On November 19th, 2010, the La Sirena A, which means the mermaid in Spanish, was officially launched at an event at Casa de Montecristo in Chicago. Like the Nestor Miranda collection, La Sirena is a Miami Cigar & Co. brand made at Jaime García’s My Father Cigars S.A. factory in Estelí, Nicaragua.
There are six different vitolas in the La Sirena lineup so far:
- La Sirena Prince — 5 x 50
- La Sirena Divine — 5 1/2 x 52
- La Sirena Trident — 7 x 50
- La Sirena Sea Sprite — 5 1/2 x 42
- La Sirena King Poseidon — 6 x 60
- La Sirena A — 9 1/4 x 48
While five vitolas are regular production, the A was a limited edition made for brand ambassador Arielle Ditkowich’s 25th birthday and her father Danny Ditkowich’s 50th. The A is actually in honor of her name, Arielle, as well as being the common name for the Cuban Gran Corona (9 1/4 x 47) vitola. Only 1,000 boxes of 10 cigars were made and they debuted on May 13, 2011 at a birthday celebration.
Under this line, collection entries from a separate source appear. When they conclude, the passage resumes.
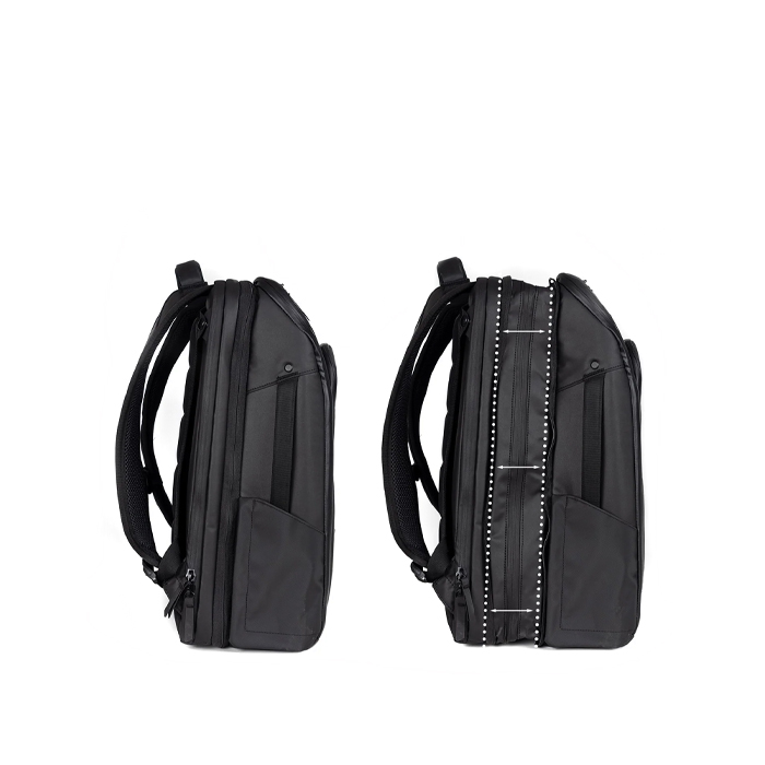 Tasken er tynd men kan udvides fra 20 l til 30 l, når du skal bruge mere bagageplads. Stropsystemet (patentansøgning indgivet) giver dig mulighed for at skifte fra rygsæk til attachétaske.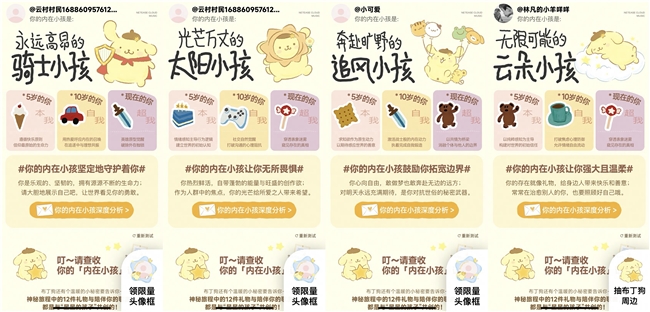 本次上线的人格测试来源于著名心理学家荣格的分析心理学与内在小孩理论,通过礼物挑选与赠送的互动方式,带领用户开启治愈之旅。用户可从“食物、玩具、宝物”三个类别中选择三份礼物,并分别送给三个年龄阶段的自己,包含5岁的本我、10岁的自我以及现在的超我。透过礼物,用户将看见内在的自己是“永远高昂的骑士小孩”“光芒万丈的太阳小孩”,或是“奔赴旷野的追风小孩”“无限可能的云朵小孩”等。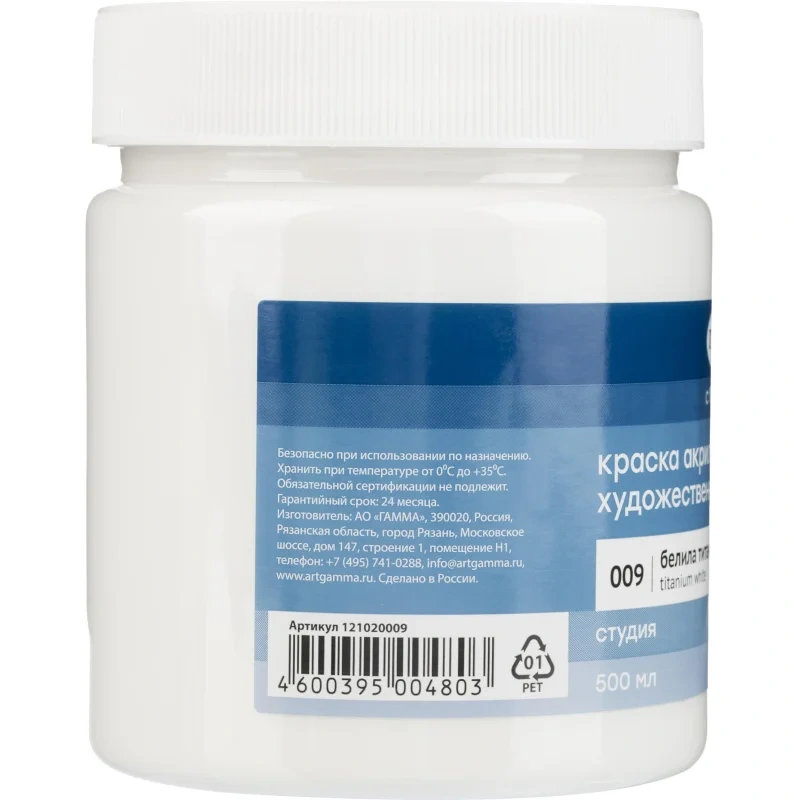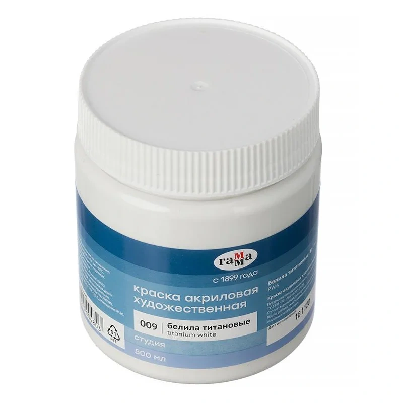 Краска акриловая художественная Гамма Студия белила титановые, 500мл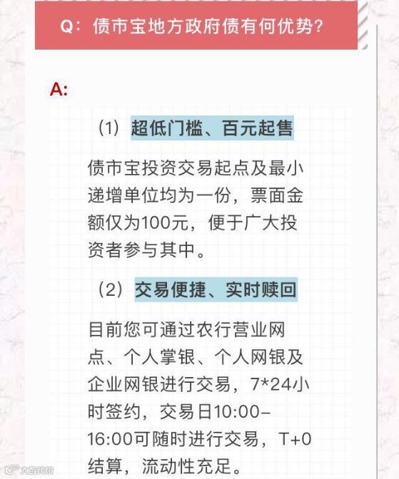 显然,很低投资门槛,起点金额为100元,最小递增单位均为100元面值,相对理财产品、大额存单交易门槛较低,适合个人和中小投资者认购。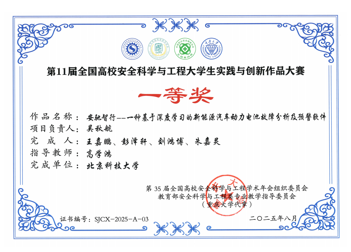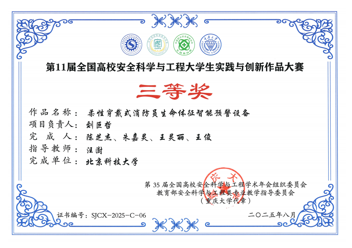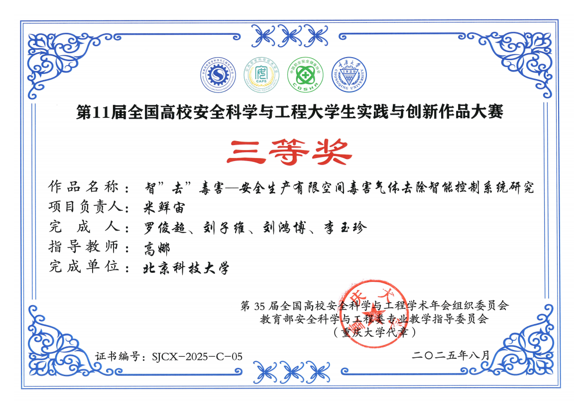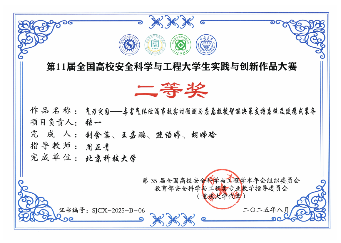 所获奖项:第11届全国高校安全科学与工程老员工实践与创新作品大赛国家级二等奖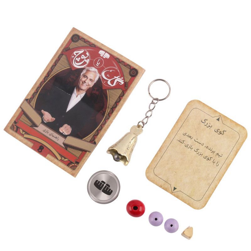محتویات پکیج شامل 18 کارت بازی، گوی صدادار، گوی کوچک، گوی بزرگ، دستور بازی، زنگ و سکه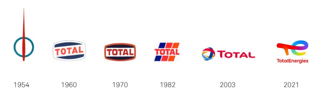 Le dernier changement de logo et d’identité visuelle remonte à 18 ans, en 2003, suite aux fusions avec PetroFina et Elf. Ce changement notable a marqué un tournant stratégique en intégrant pour la première fois de nouvelles couleurs dans le logo et en réinstaurant le nom Total (en majuscules un peu moins imposantes et plus dynamiques) qui avait temporairement cédé sa place à TOTALFINAELF. Le précédent logo de 1982, avec des losanges bleu rouge et orange, avait quant à lui tenu 21 ans. On espère donc pour TotalEnergies que ce nouveau logo ait également une longue durée.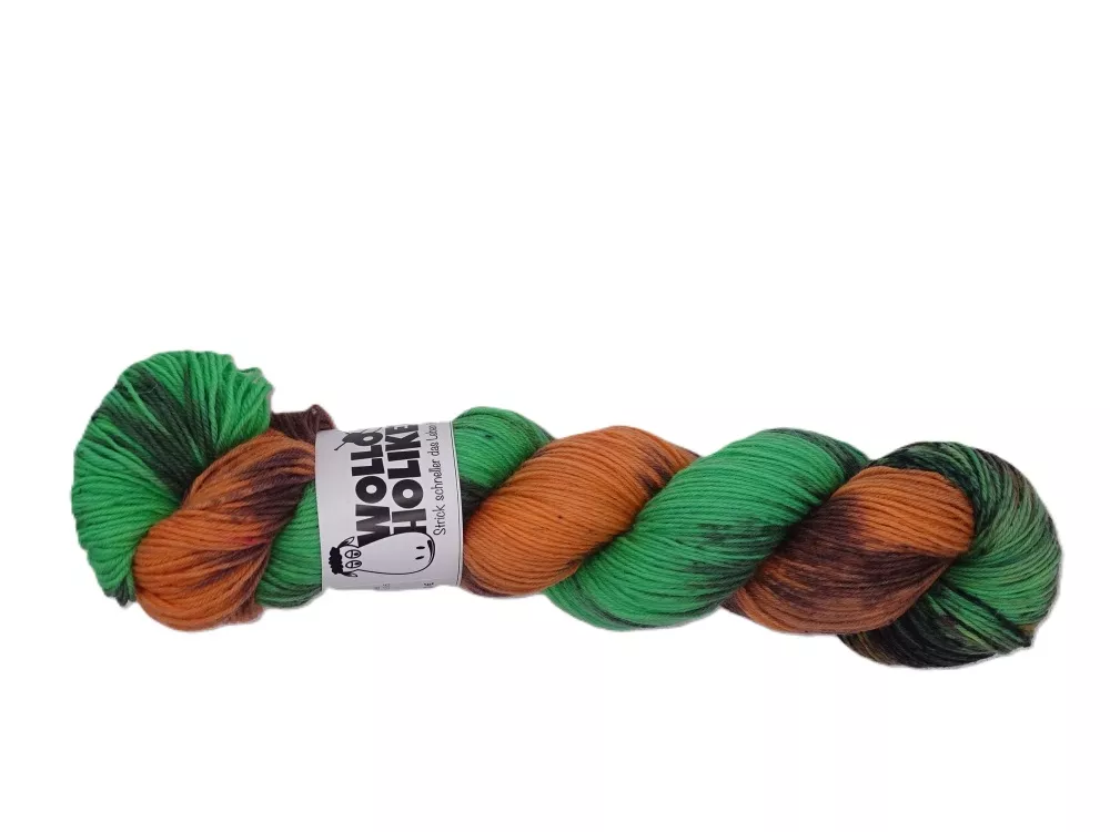 100 g Sockenwolle – mit Speckels – der Wolloholiker-Qualität Special effects in der Färbung Salty Orange – viel zu schade um „nur“ Socken daraus zu stricken.

- Cigar Reviewed: La Sirena A
- Country of Origin: Nicaragua
- Factory: My Father Cigars S.A.
- Wrapper: Habano
- Binder: Nicaraguan Criollo 98 & Corojo 96
- Filler: Nicaragua
- Size: 9 1/4 Inches
- Ring Gauge: 48
- Vitola: Gran Corona
- MSRP: $12.00 (Boxes of 10, $120.00)
- Date Released: May 13, 2011
- Number of Cigars Released: 1,000 Boxes of 10 Cigars (10,000 Total Cigars)
- Number of Cigars Smoked For Review: 2
The La Sirena A is huge. It has a wonderful cinnamon brown wrapper that is rough to the touch with quite a few bumps and veins present. However, when squeezed the gigantic cigar is a bit soft. It has an immaculate triple cap and the wrapper smells strongly of chocolate, barnyard, leather, nuts and pepper. The band on every La Sirena is stupid large, albeit very nice looking, but actually looks fine on this large of a cigar.
The first third of the La Sirena A starts out with an extremely strong black pepper note both on the tongue and retrohale along with a tiny amount of spice. After 15 puffs, the pepper note settles in and other flavors of coca, leather, wood and a sour fruit note emerge. There is a nice sweetness underneath that seems to be gaining strength as the first third progresses. Construction is perfect, both in burn and draw, although the ash does not stay on long — no more than half inch before falling off. Strength starts out a solid medium and ends the first third that way, but is getting stronger.
There’s quite a bit less pepper as the La Sirena enters the second third. It’s now only on the retrohale and quite a bit more sweetness comes the forefront. Major notes are still pretty much the same: dark chocolate, leather, cedar. I still can’t identify the fruit I am tasting, but it is still sweet and sour at different points. Construction is still extremely good on all fronts and the strength continues to increase, to just under the full mark by the end of the second third.
The final third of the A changes yet again, at least in the dominant note. While the other flavors are still around to varying degrees particularly the leather, the main profile is a hearty meaty note that really combines well with the sweet fruit and continues until the end of the cigar. Construction ends the way it began, perfect. In addition, the strength continues to increase for the entire cigar and easily makes it in the full category by the time I put the nub down.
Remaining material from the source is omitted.